Jealous
I haven't been myself lately.
I feel lonely.
I feel jealous.
I have 2 Friends where I live and a couple of acquaintances. There's a problem though. They're not close friends by all means. They are not my Best Friends. That's what I miss. I look on Myspace and see all of my former best friends living in the same Town. They're all Military, so they got lucky where they got stationed. They Post pictures online and I look at them and wanna cry. I wish I had that kind of Bond with someone. The only best friend I have is my Husband. I love my Husband but it's not the same. As a woman you need someone other than your Husband sometimes. Never mind the Fact that my husband is gone or work a lot. So, life is lonely and filled with jealousy and anger. I admit it, I am depressed. Life feels stuck in a rut and I don't know what kind of rut. I want something to change but don't know how to change it. I am truly stuck. It sucks. It sucks big time. I don't know how to stop that feeling. That thing inside you telling you nobody cares for you. That's how it feels. Like you're all alone in this damn World. I don't like this feeling. Nope, not at all.






2 Talk to Me:
I have been where you are now. My husband and I have moved several times and it can be very lonely. While he has his job and work to keep him busy and help him adapt to his new surroundings, we have to learn our way and find new friends. Not easy as an adult.
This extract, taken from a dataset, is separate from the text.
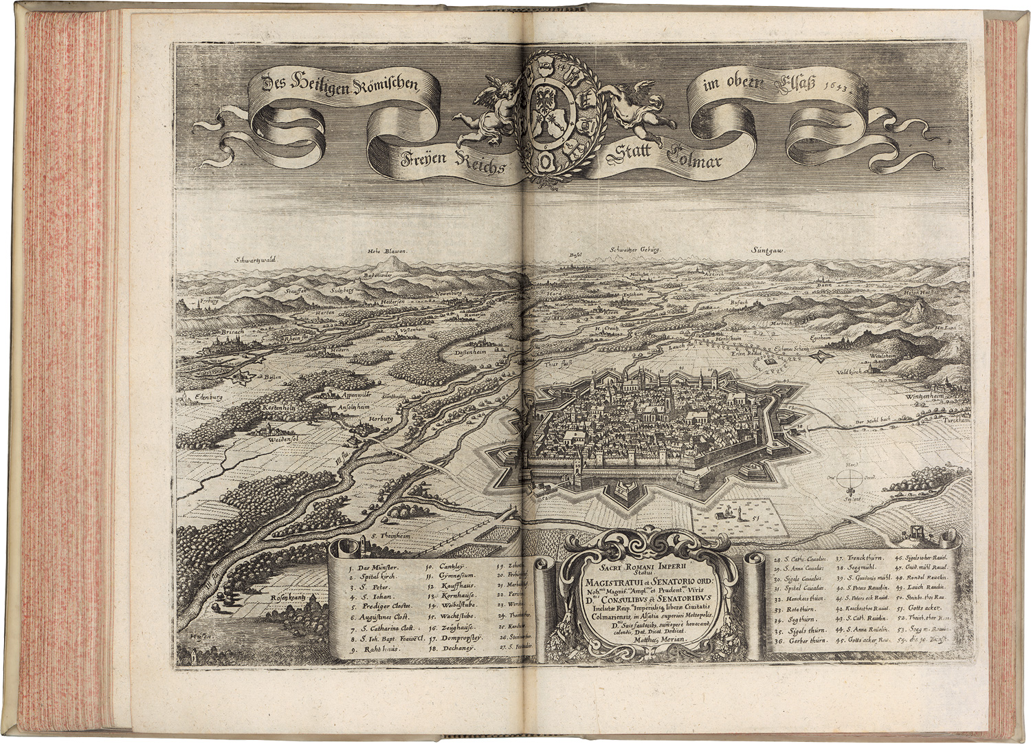Wüthrich 11. – Erste Ausgabe. Eine der frühesten deutschen Topographien von Merian, noch vor dem Ende des Dreißigjährigen Krieges entstanden. Vorhanden sind : I. Topographia Sveviae, das ist Beschreib- und aigentliche Abcontrafeitung der fürnembsten Stätt und Plätz in Ober und Nider Schwaben, Herzogthum Würtenberg, Marggraffschafft Baden. - II. Topographia Alsatiae, completa . Das ist vollkömmliche Beschreibung und Eigentliche Abbildung der vornehmsten Städte und Oerter im Obern- und Unter-Elsaß ... - II. Topographia Palatinaturs Rheni et vicinarum regionum. Das ist Beschreibung und eigentliche Abbildung der vornemsten statte und Plätze Intern Pfalz am Rhein und benachbarten Landschaften ... – Vorderes Innengelenk teils offen, vereinzelt leicht fleckig, sonst gutes Exemplar.

It took me a very long time, but I will share with you what helped me the most. Find something that interests you and go out and learn more about it or join clubs that revolve around it. For me, it started with scrapbooking and evolved into sewing. I sign up for classes (even if they're only an hour or so here and there). It makes me feel better to be around people who share the same interest. My other suggestion is to volunteer. It can be at the library, the school, or anywhere else. It is such a feeling of accomplishment, and again, sharing an interest with other people that makes you feel good about who you are, even if you're missing your friends.
I don't have close friends, haven't for years, but I now have myself and my interests and they keep me happy.
By the way, I'm so glad you stopped lurking and decided to leave a comment! Consider me a new friend!
It's not easy being away from friends and family. We moved 400 miles away and it was so hard. Lynne is right, find something that interests you and you'll meet other people. I'm German and opinionated too and I've made friends.LOL!